Increasingly, lately, there were fewer stories about Achilles. There were empty segments of time in the day, and Amy had become highly aware of them. She had only infrequently regretted being at home with Mason when he was little; there had been boring times and maddening times, but there were moments when he wanted only her, and there were also sudden bursts of the extraordinary. There was always so much to
do
: There were lists and plans and schedules that were essential to a well-run household and that were still laughably, almost hysterically, tedious. You, the brainy, restless female, were the one who had to keep your family life rolling forward like a tank. You, of all people, were in charge of
snacks.
Your hands tore apart the cellophane on six-packs of juice boxes, while your head cocked to hold a cordless phone into which you spoke the words “Maureen? Hi, it’s Mason Buckner’s mom. I’m calling to set up a playdate with Jared.”
You had to say “playdate”—that nonword that had been so easily welcomed into the lexicon—and you had to say it without irony. Certainly, you could also focus the thick, keen lens of your intellect on the greater world if you wanted. You could anguish over the war that ground on far away on another continent—and Amy did dwell on it periodically, hopelessly, during the day—but you would have to do this on your own time, between plans. You were the gatekeeper and nerve center and the pulsing, chugging heart of your family, the one whom everyone came to and needed things from. You were the one who had to coax that unconscious child from his bed, day upon day.

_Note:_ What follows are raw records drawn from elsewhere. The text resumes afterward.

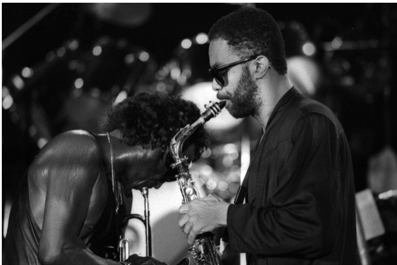
Miles Davis & Kenny Garrett, Estival Jazz Lugano, 1987
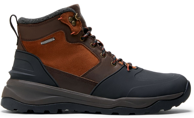
Chocolate Multi M80045_207

The Whitetail Mid is warm, rugged, and ready for anything mother nature throws its way. Molded rubber on the heel and toe offer protection from the elements, while a waterproof membrane, Thinsulate® insulation, and taped seams keep you dry and cozy through the harshest conditions. Underfoot, the GlacialGrip rubber outsole makes this sneakerboot a winter powerhouse.
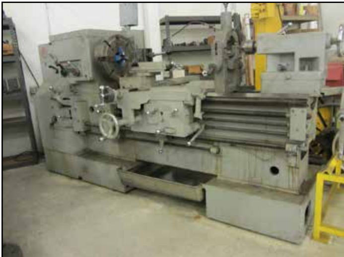
LEBLOND REGAL SLIDING GAP BED LATHE

PEMSERTER Series 4 6-Ton Insertion Press with 18" Throat, QX4 Turret Tool System & Cabinet Base, sn:5313, mfg.2011
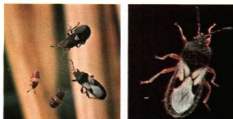
7. Chinch bug nymphs and adult, and adult greatly enlarged
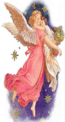
And He Will Raise You Up On Eagle's Wings...

For those who have suffered the loss of a child of any age through miscarriage, still-birth, abortion, SIDS, illness, overdose, suicide, disease or any untimely death.
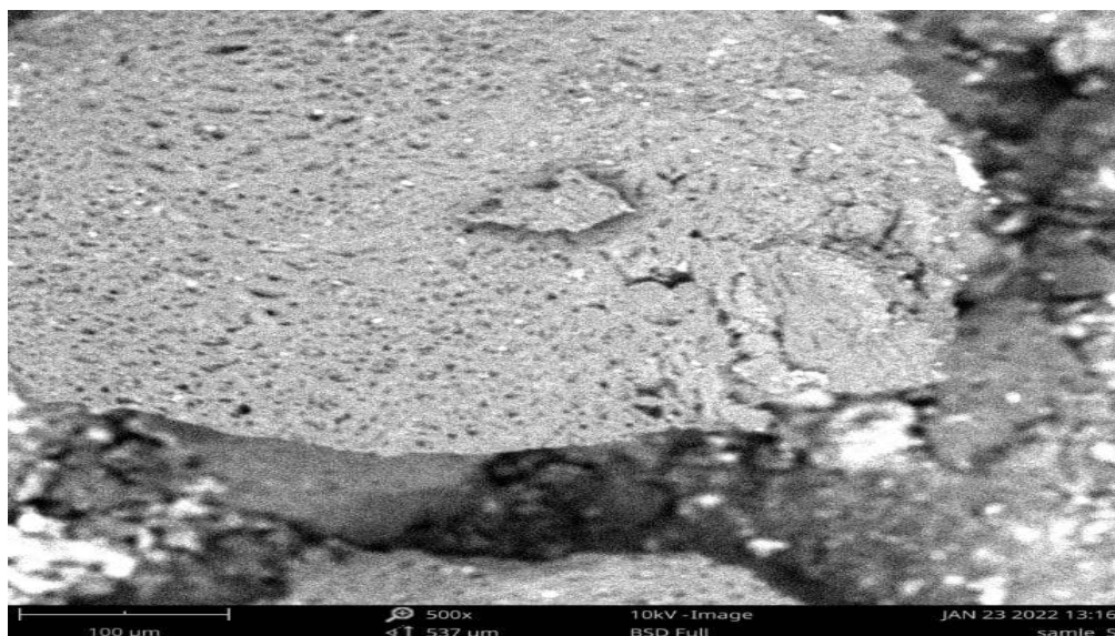
Figure 1: SEM of POFA at the magnification of 500X (537µm and 10KV).

Figure 1 depicts the SEM image of POFA, revealing the presence of dispersed particles with a porous and mountainous structure at a magnification of 500X (537µm and 10KV). This finding aligns with the results obtained by Jamo et al. (2018).

She took a breath now, then called, “MASON! I ALREADY TOLD YOU IT’S TIME TO WAKE UP, BUDDY!”
To her surprise, many of the words that she said to her son lately each morning came out in the same slightly irritated voice. “Are you like that too?” Amy had recently asked Jill, who had taken the train into the city. The two of them were sitting in the back booth of the Golden Horn, the place where their group of women had breakfast a couple of times a week and where Amy and Jill often used to sit before Jill defected to Holly Hills.